I voted for Ed as my second preference, after voting for Diane, my vote for her being a way of drawing a line in the sand after the New Labour period, and to try to foster wider debate within the party. We are now in a position that needs careful handling if we want to win in 2015, as a number of factors come into play:
Firstly, Ed has already stated that our opposition stance will have to be a lot more constructive than it has been so far. This is to the good, as we were clear before May that cuts would have to be made, and it makes no sense to the general public if we spend our time denying the deficit exists. where we disagree with the coalition is on how deep and how fast, and on what should be cut. We all know that we need to have a credible alternative to the worn-out monetarist guff coming from Osborne and Co.
On regulation, it may well be that Vince cable will be able to propose far-reaching changes that will help re-balance the economy in the future. We need to support him where we can, while developing his arguments further. On the Reform Bill, we have a greater problem, and also much more to gain – the blatant gerrymandering that has been included in the Bill is the one serious bloc to Labour support (see Nick Cohen in the Observer yesterday).
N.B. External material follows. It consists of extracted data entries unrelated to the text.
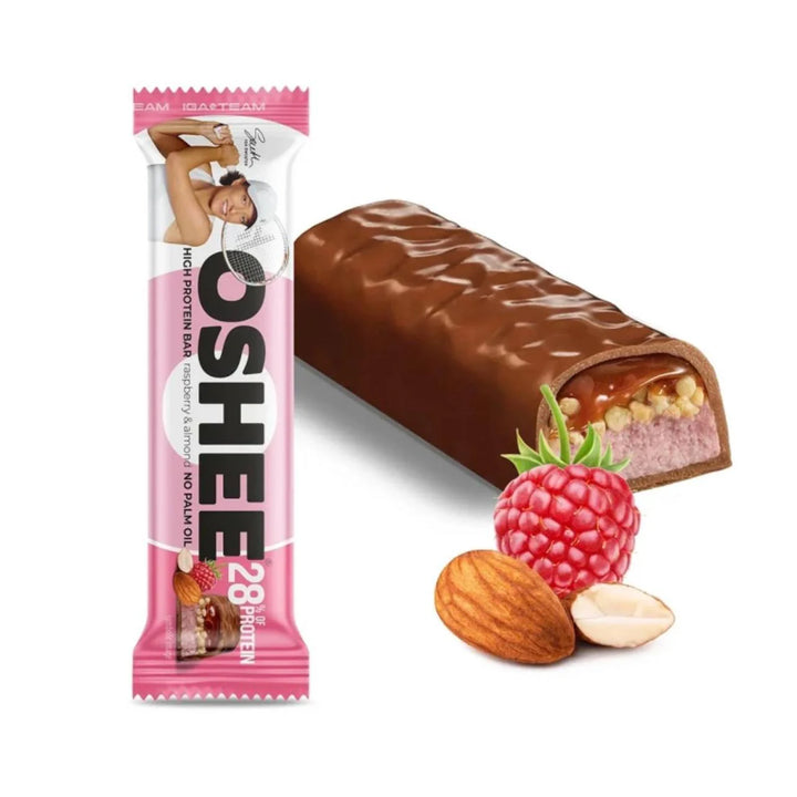اكتشف أوشي بروتين بار الخالي من السكر بنكهة التوت واللوز بوزن 45 جرام. هذا البار المصمم بعناية يمنحك دفعة بروتين مركزة مع طعم توت ولوز غني يحافظ على توازنك الغذائي أثناء اليوم أو أثناء التمرين.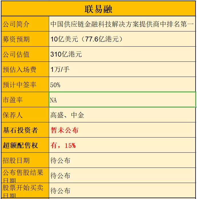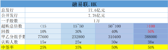 据传公司总募资金额10亿美元即77.6亿港元,公开募资金额7.76亿元。我们按照单手一万元计,甲乙组初始手数为7.76万手,预计倍数落在>100倍,回拨5成后,共计38.8万手,假如38万人申购中签率约50%。50万人申购中签率约35%。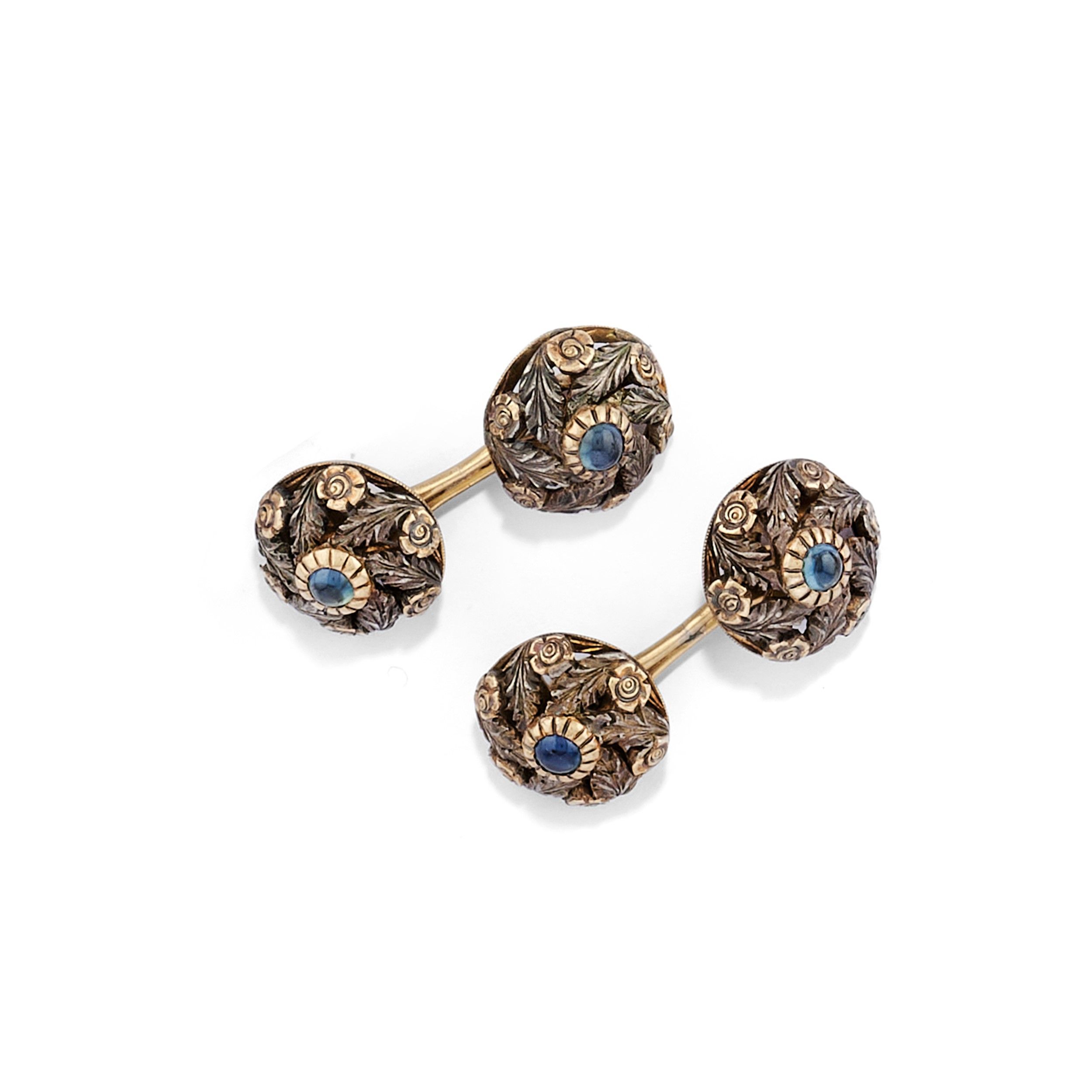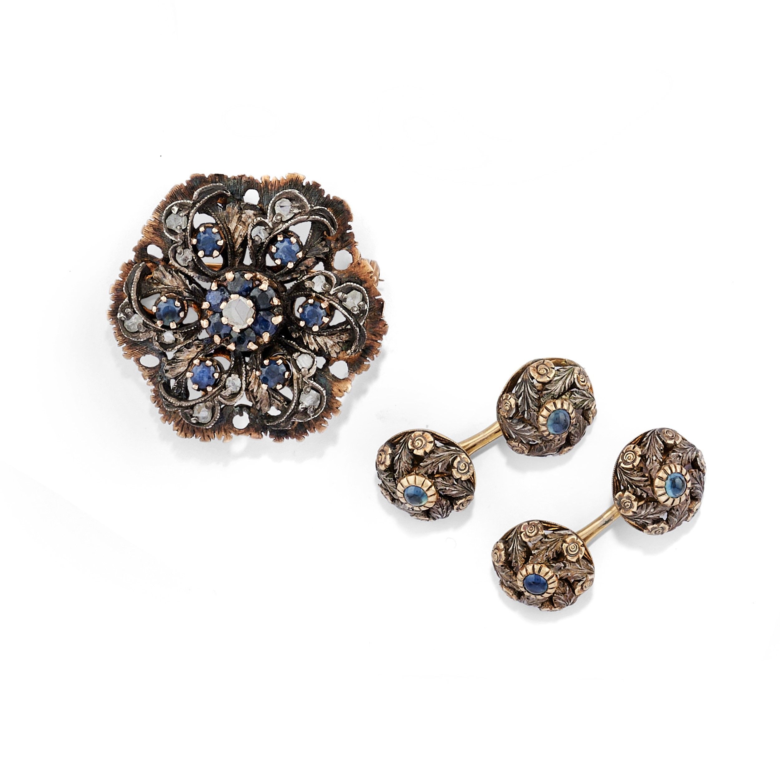 spilla a motivo floreale e polsini traforati e incisi, decorati da diamanti e zaffiri.

However, a fairer voting system is manifestly just. In one sense, the passing of this Bill by the coalition would solve one problem, whether or not we support it. The problem of the AV referendum, which is going to b a tough fight, is that if we do not support it, we are open to charges of double standards. Therefore our opposition needs to stress the undemocratic nature of the seat culling and boundary changes, whilst showing support for the Yes campaign.
Charges from the right that Ed is just a Trades Union puppet, such as those made by the (unelected) Baroness Warsi, are not new, but need to be handled carefully. The usual Tory anti-Union line is followed up by the £80 billion cuts to the public sector, which face huge Union opposition. We must be sure that every cut we oppose can be met with an alternative. And we must strenuously propose our alternatives, if we wish to effectively back any fightback, and give it a chance of success.
Within our own ranks we have to be honest as to why we were so rejected last May. This means asking tough questions, and taking tough measures. Phil Woolas and his agent should be immediately suspended from the Party until an internal inquiry has judged whether or not they have brought the party into disrepute. Likewise certain councillors in East London, Doncaster, and in certain areas of Scotland. We need to clean out the stables, and to win back the trust that we have lost, not just in government, but also in local government too. Ex ministers who have dodgy links to shady businessmen cannot be allowed onto the opposition frontbench. this will be hard, and I doubt that the PLP will like it much, but this needs to be done.
We have an opportunity to recreate our party as the sole national party of opposition, we could be instrumental in helping to redraw the political map of Britain, and we could be back in power in 2015, but only if we are honest, bold, and determined. This week at conference, Ed and the rest of the candidates have the chance to show how far we have already come since May, comrades, don’t blow it.